■ To do: The reply should be an exact repeat of the listing, with no pictures in it.

■ Raw data:
Content starts

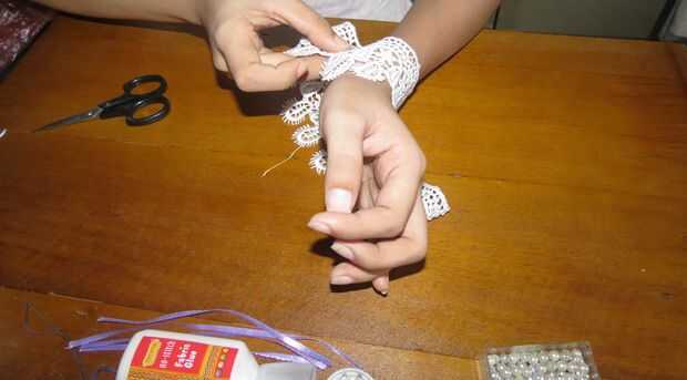 este es una cómo para coser una pulsera de encaje. Se señaló a mí más tarde que esto podría también utilizarse como un beb這 tapa de s. Por favor tenga cuidado con la aguja de costura y tijeras. Este Instructable es en mi sitio Web. ¡ Disfrute! -Oh
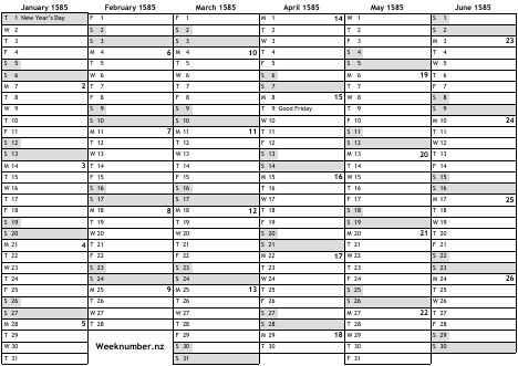 1585 calendar
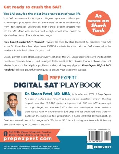 Get ready to crush the SAT! The SAT may be the most important test of your life. Your SAT performance impacts your college acceptances. It affects your scholarship opportunities. Your SAT score even influences consideration from “test-optional” universities. High school doesn’t prepare you for the SAT. Many who perform well in high school score poorly on standardized tests. That’s about to change. Prep Expert Digital SAT Playbook reveals the step-by-step blueprint to maximize your SAT score. Dr. Shaan Patel has helped over 100,000 students improve their own SAT scores using the methods in this book. Now, it’s your turn! Unlock perfect-score strategies for every section of the SAT. Learn secrets to solve the toughest questions. Discover how to read passages faster and identify phrases that are always incorrect. Master how to solve algebra problems without doing any algebra. Prep Expert Digital SAT Playbook delivers powerful techniques to ensure your academic success.
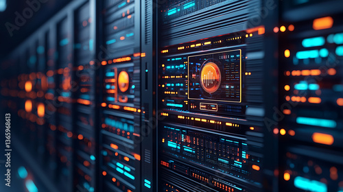 Futuristic Data Center with Digital Displays and Illuminated Panels
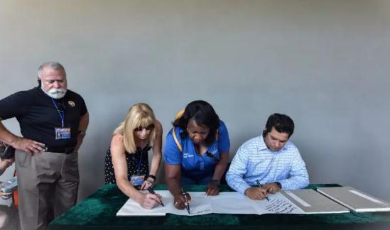 美国联邦众议员、团长吉米·戈麦兹(上图右一):
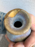 Antique Karatsu tokkuri,(Sake bottle), with beautiful kintsugi,(gold repair), in signed box.

Content ends

■ Task answer:
 este es una cómo para coser una pulsera de encaje. Se señaló a mí más tarde que esto podría también utilizarse como un beb這 tapa de s. Por favor tenga cuidado con la aguja de costura y tijeras. Este Instructable es en mi sitio Web. ¡ Disfrute! -Oh
 1585 calendar
 Get ready to crush the SAT! The SAT may be the most important test of your life. Your SAT performance impacts your college acceptances. It affects your scholarship opportunities. Your SAT score even influences consideration from “test-optional” universities. High school doesn’t prepare you for the SAT. Many who perform well in high school score poorly on standardized tests. That’s about to change. Prep Expert Digital SAT Playbook reveals the step-by-step blueprint to maximize your SAT score. Dr. Shaan Patel has helped over 100,000 students improve their own SAT scores using the methods in this book. Now, it’s your turn! Unlock perfect-score strategies for every section of the SAT. Learn secrets to solve the toughest questions. Discover how to read passages faster and identify phrases that are always incorrect. Master how to solve algebra problems without doing any algebra. Prep Expert Digital SAT Playbook delivers powerful techniques to ensure your academic success.
 Futuristic Data Center with Digital Displays and Illuminated Panels
 美国联邦众议员、团长吉米·戈麦兹(上图右一):
 Antique Karatsu tokkuri,(Sake bottle), with beautiful kintsugi,(gold repair), in signed box.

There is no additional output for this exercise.